ID filedate certifydate
100 Jan_2019 2/2/2019
200 Mar_2019 5/10/2019
300 Apr_2019 6/7/2019
400 May_2019 8/10/2019
400 May_2019 10/10/2019
500 Jun_2019 11/12/2019
You could output those Filedates having more than one distinct certify date as a dataset with dupes
proc sql;
create table dupes as
select *
from have
group by id,filedate
having count(distinct certifydate)>1;
quit;
And assuming, if there are more than certifydate within a fiiledate and those certifydates will be distinct, the following datastep would output 2 datasets i.e one with keeping your most recent certifydate and the other with the duplicates
data want dup;
set have;
by id filedate ;
if not (first.filedate and last.filedate) then output dup;
if last.filedate then output want;
run;
Hi @luvscandy27 Is it okay to assume your dataset is sorted by ID Filedate Certifydate
If yes
data want;
do until(last.filedate);
set have;
by id filedate notsorted;
end;
run;
You can basically ignore the NOTSORTED. I just used as it is already grouped by ID Filedate .

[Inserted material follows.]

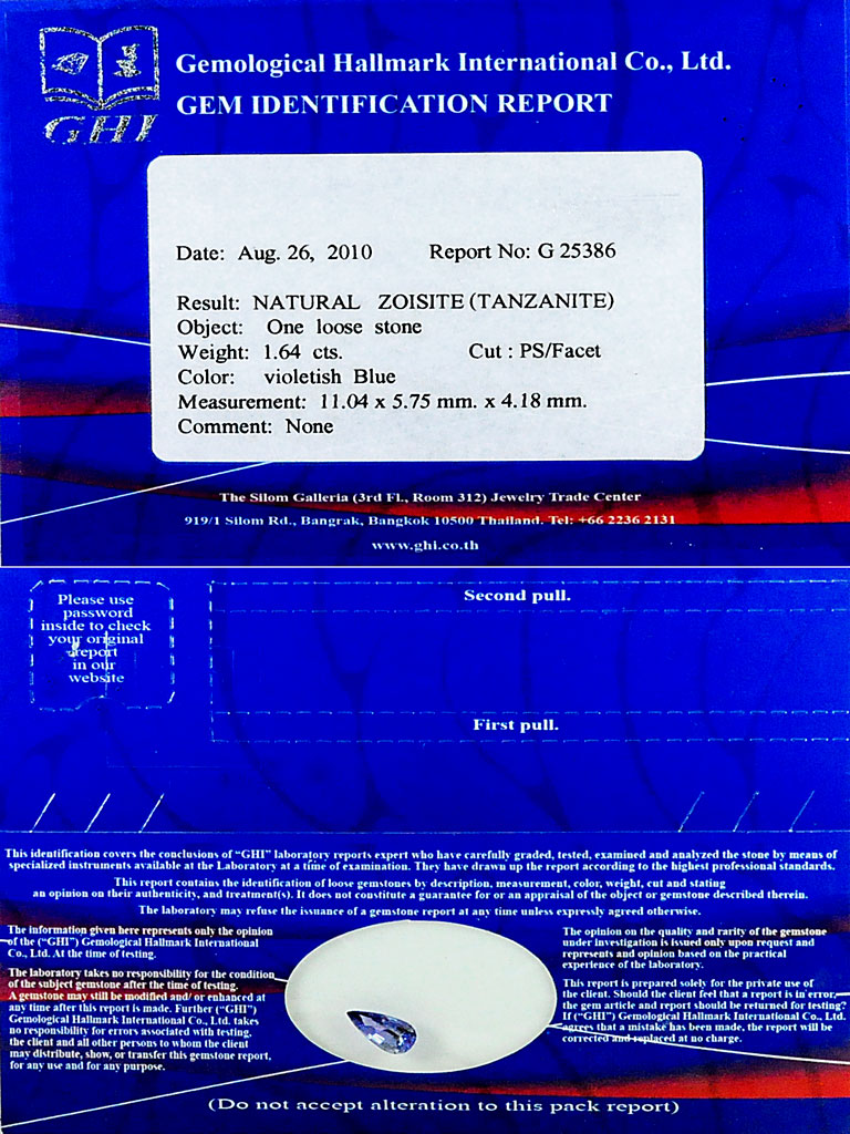 Certified 1.64 Ct. Clean Pear Shape Natural Gem Violetish Blue Tanzanite
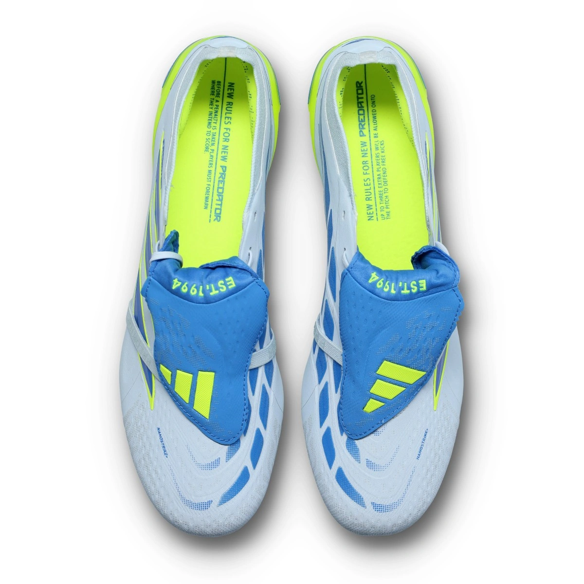 Scarpe da calcio adidas Predator Elite FT FG. Sintetiche, con lacci, da usare su campi in erba naturale. D'alta gamma e disponibili nella colorazione Crystal Sky-Ray Blue-Team Solar Yellow.

And if you do not expect ties in certifydate within a group of filedate, SQL will do
proc sql;
create table want as
select *
from have
group by id,filedate
having certifydate=max(certifydate);
quit;
You could output those Filedates having more than one distinct certify date as a dataset with dupes
proc sql;
create table dupes as
select *
from have
group by id,filedate
having count(distinct certifydate)>1;
quit;
And assuming, if there are more than certifydate within a fiiledate and those certifydates will be distinct, the following datastep would output 2 datasets i.e one with keeping your most recent certifydate and the other with the duplicates
data want dup;
set have;
by id filedate ;
if not (first.filedate and last.filedate) then output dup;
if last.filedate then output want;
run;
Or simpler
data want;
set have;
by id filedate;
if last.filedate;
run;
Why not use hash? 🙂
data _null_;
if _n_ = 1 then do;
if 0 then set work.HAVE;
dcl hash uniq(dataset:"work.HAVE", ordered:'A',duplicate:'r');
uniq.definekey('ID','filedate');
uniq.definedata('ID','filedate','certifydate');
uniq.definedone();
end;
uniq.output(dataset:"work.WANT");
stop;
run;
Depending on the size of your dataset and your environment and how many dups you have, this may run much faster than other methods or not at all (only if your dataset is really, really big and your environment doesn't have much memory). The dataset does not have to be sorted for this to work.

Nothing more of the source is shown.